Smaller clothes


I have quit drinking (8 months), quit flour and sugar (14 weeks) and am within a pound of my goal weight! The weird thing is how unnerved this has made me as I seem so small after having lost 30 (what!) pounds. I went shopping for pants yesterday and when the clerk asked what size, I said size 8. I could hardly look at her as I was expecting her to raise her eyebrows and say ‘are you sure’. I even thought of saying size 8 or 10, just to be more modest. So weird that I can really feel my brain trying to convince me I am still fat, that I should keep my old clothes ‘just in case’, that I certainly can’t maintain this forever.
I am trying to think back to other times in my life when I lost weight this easily and was this happy and try to figure out where I went wrong to gain it back.
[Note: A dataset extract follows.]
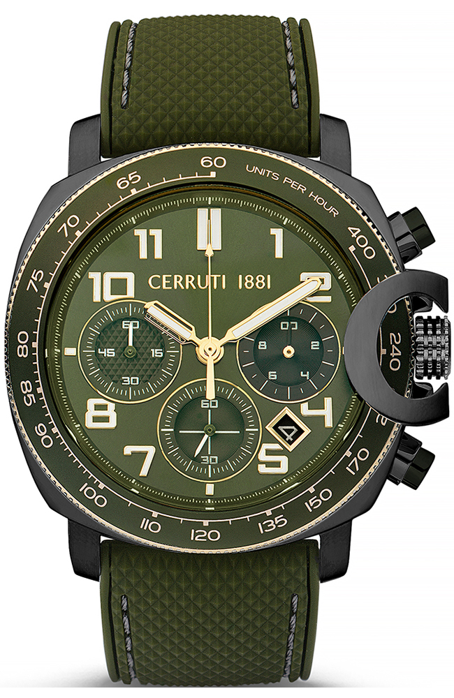 Ανδρικό ρολόι Cerruti από ανοξείδωτο ατσάλι με πράσινο καντράν και καουτσούκ λουράκι.

The thing is (no surprise) that I can’t remember any of that, I totally checked out during the falling apart phase, or maybe it was just slow. I am determined to stay present and keep doing this work, but it would be a lie to say I wasn’t afraid that this is just a passing fad for me. And my new body is so obvious and public, I think how embarrassed I will be when I gain it back.
Also, even thought I am at my goal weight, I feel like I have more to lose to get to my natural weight, I haven’t really hit a plateau. And that is scary, I am almost tempted to start eating more so I can keep from losing more weight. I am 5.7 and 146 so I know it wouldn’t be unhealthy. But why is it so unnerving?